I was, of course, referring to her husband, which she knew. (He had warned me, and we had already made plans to run away together the next day, into another kingdom where no evil witches would throw anything between us—death or themselves or anything.) That’s when I grabbed my siblings’ hands and the three of us ran into the forest.
I was hiding somewhere that I could still see what was going on. She was distributing daggers to her children, making it all seem like a fun game. “Whoever finds them first gets extra dessert,” or something like that, in this really sweet voice. They were all creepy-looking little things with malicious grins. (I think she was actually Tilda Swinton, with long hair in the faerie-tale world and short hair in the other one.)
Anyway, so there I’m sitting, brother and sister alongside me, behind a pile of chopped firewood, I do believe—a large pile—when her other dog comes running up, barking and snarling. I was sure everyone had been alerted to our hiding place, when suddenly, the husband’s cat (which looked an awful lot like our family kitty) pounced on the dog, hissing and biting and clawing, and distracted it, and they took off fighting.
But we went running, anyway. I waited until they were all deeper in the woods (or so I thought) and went running with the kids back towards the front, straight into the arms of Prince Charming. (Well, I didn’t mean to. He just appeared there. I kind of collided. Actually, I thought it was her at first. But no, she was behind me.)
He said we had to leave instantly. We were just embracing, when little sister screamed, “There! She’s right there!” and there was the bitch, coming right at us, bonfire in her eyes.
But he drew his sword, pointed it at her, and informed her that he could end it all then and there, if that was what she wanted. She hissed like a snake and backed away a few paces.
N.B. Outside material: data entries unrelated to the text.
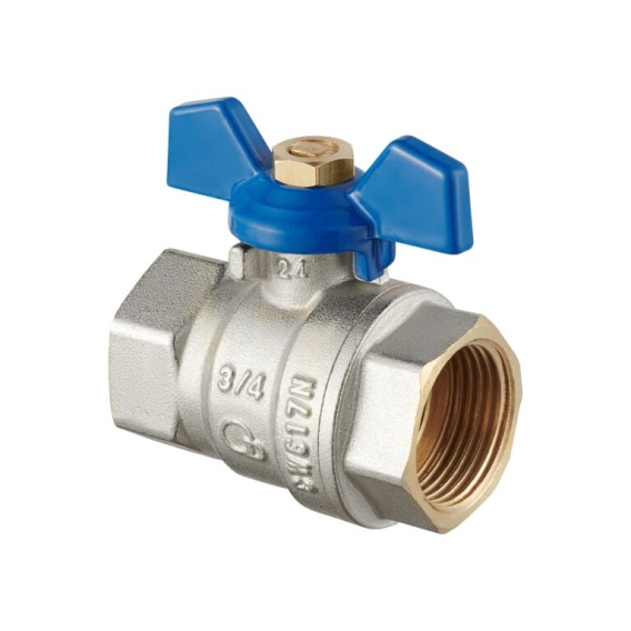 Zawór kulowy "Hiszpan" mosiężny DN15 1/2" GW/GW PN30 motylek. Do instalacji wodociągowej i CO. Korpus: mosiądz, uszczelnienie: PTFE. PN30.
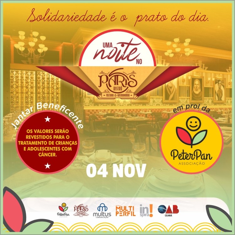 A Associação Peter Pan, em parceria com o restaurante Paris 6 Fortaleza, está promovendo um jantar beneficente no próximo dia 04 de novembro (segunda-feira), às 20h, na unidade do bistrô cultural localizada no piso E1 do Shopping RioMar Fortaleza (Rua Desembargador Lauro Nogueira, 1500 – Papicu).
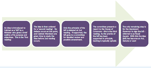 A lot went into the development of RT self-regulation and the creation of the CRTO before 1994 – starting with an idea within the provincial government. In Ontario, ideas become laws through the process below:
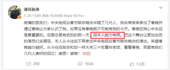 很多人以为,不上春晚就是要退圈了,可孙涛完全不是这个意思。
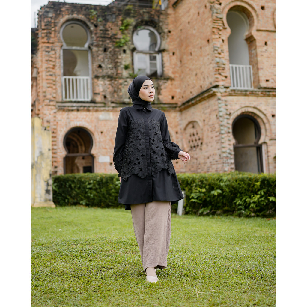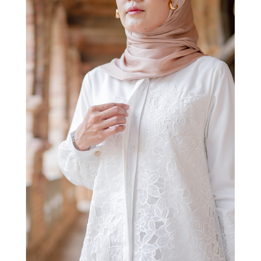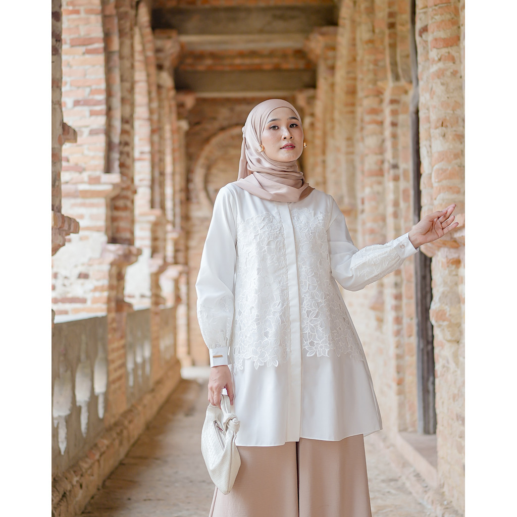 Mooi Tunic Zysku Xena Tunik Kemeja Wanita Lengan Panjang Organza Bordir Brokat
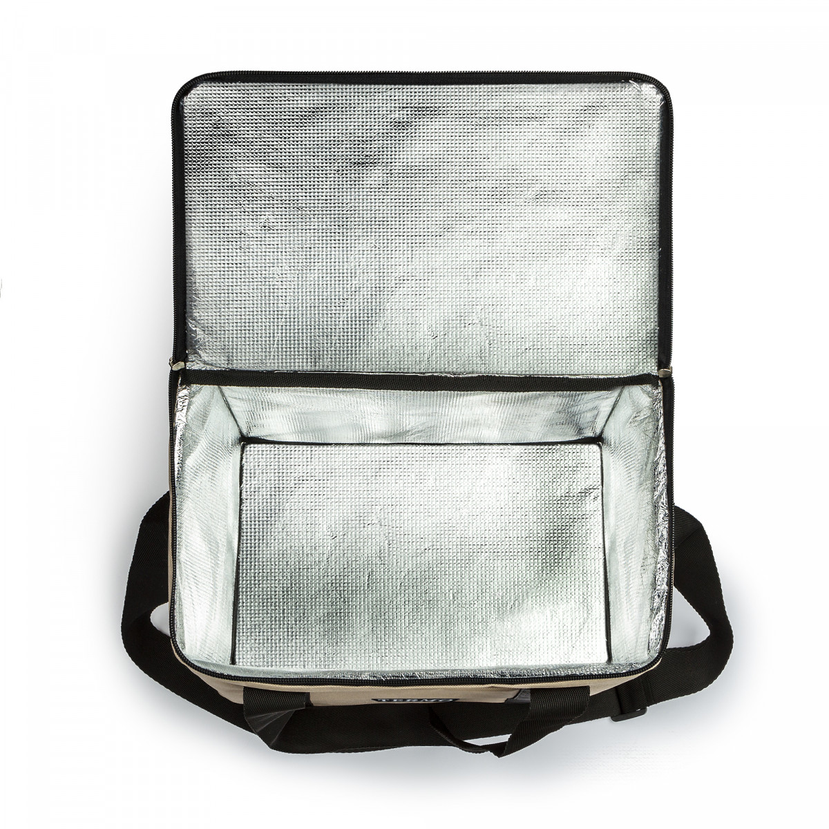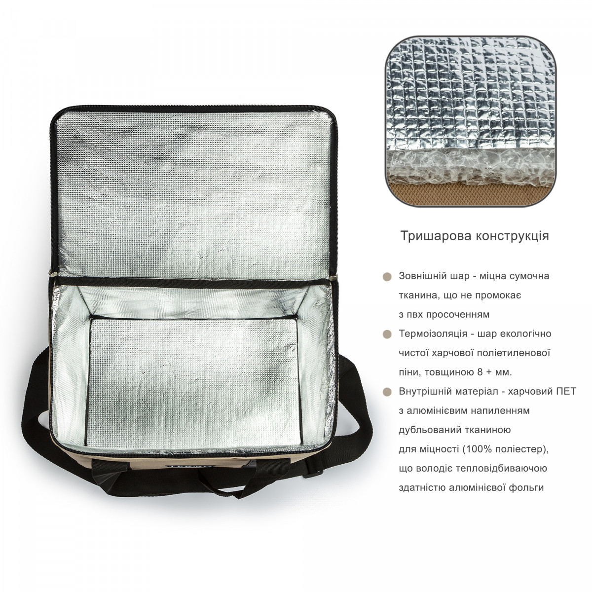 - Внутреннее покрытие: пищевой ПЭТ с алюминиевым напылением и тканевой основой (100% полиэстер), обладающий теплоотражающими свойствами.
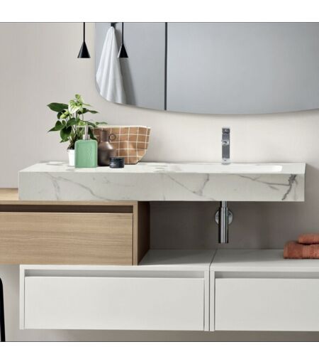 BLUELIFE Mensola sospesa lavabo destra 120 cm in hpl laminato fluvio Bianco venato

“Then go…run with them, if that is what you want!” Uh…a bit creepy. But anyway, as his coachman was right there, we didn’t need to be told twice. (Fortunately, the coachman was loyal to the prince, and not her. He thought she was a bitch, too.)
So then when this ended, it still wasn’t completely over—then I dreamed I was lying in bed next to Dean the Mormon, having apparently fallen asleep at his house, and was telling him about it that morning, and he was very entertained, and said, “So did everybody live happily ever after?”
“Well, you would think so, wouldn’t you?” I said. “But no—” and I proceeded to tell him all the things that went wrong with it. Namely, that Prince Charming actually ended up being a complete dick anyway, and…oh, there was a whole list of things. I can’t really remember anymore, but everything went wrong. (Apparently. I didn’t know about those bits until this part of the dream. It originally ended with us riding away in the carriage at the end.)